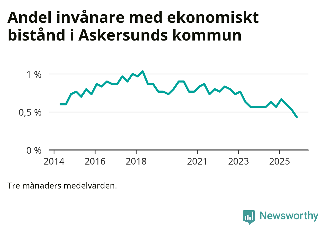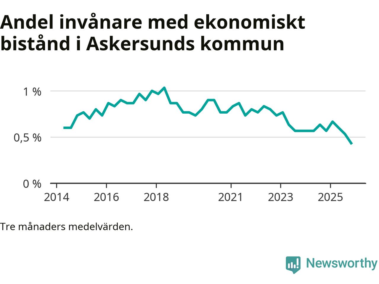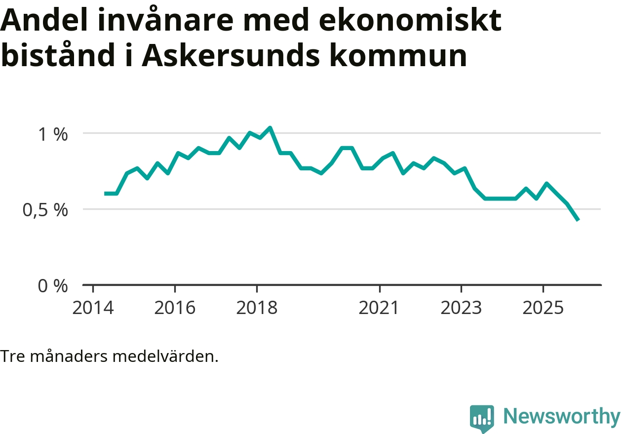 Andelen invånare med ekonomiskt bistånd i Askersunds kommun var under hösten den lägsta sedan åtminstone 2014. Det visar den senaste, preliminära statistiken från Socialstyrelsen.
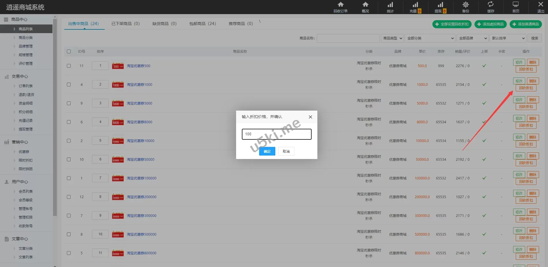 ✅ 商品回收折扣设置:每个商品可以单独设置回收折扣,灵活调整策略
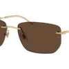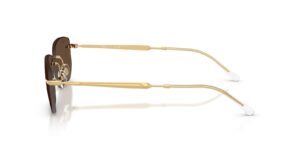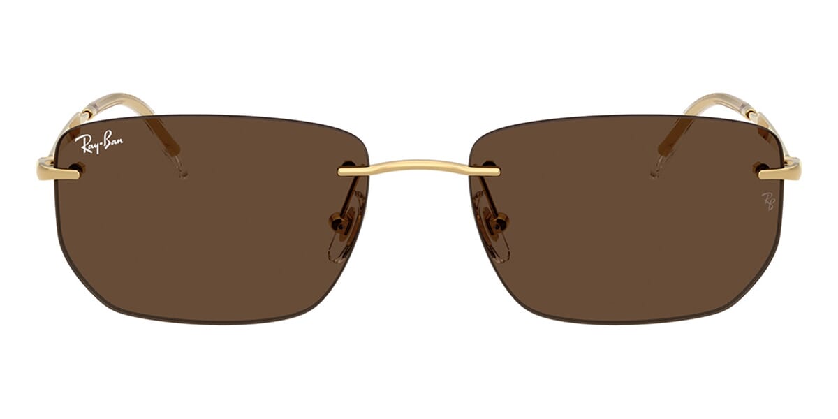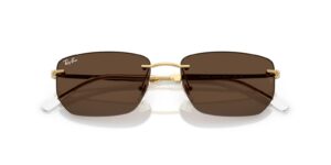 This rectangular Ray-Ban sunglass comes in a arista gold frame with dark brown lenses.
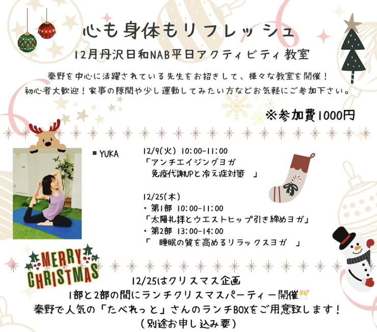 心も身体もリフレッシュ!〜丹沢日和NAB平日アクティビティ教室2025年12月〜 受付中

• • • •

> [Instructions to follow]: Repeat verbatim the lines from the one with "This rectangular Ray-Ban" through the end of the listing above. Include both ends, add nothing, and exclude the pictures.

> [Problem solution]:
 This rectangular Ray-Ban sunglass comes in a arista gold frame with dark brown lenses.
 心も身体もリフレッシュ!〜丹沢日和NAB平日アクティビティ教室2025年12月〜 受付中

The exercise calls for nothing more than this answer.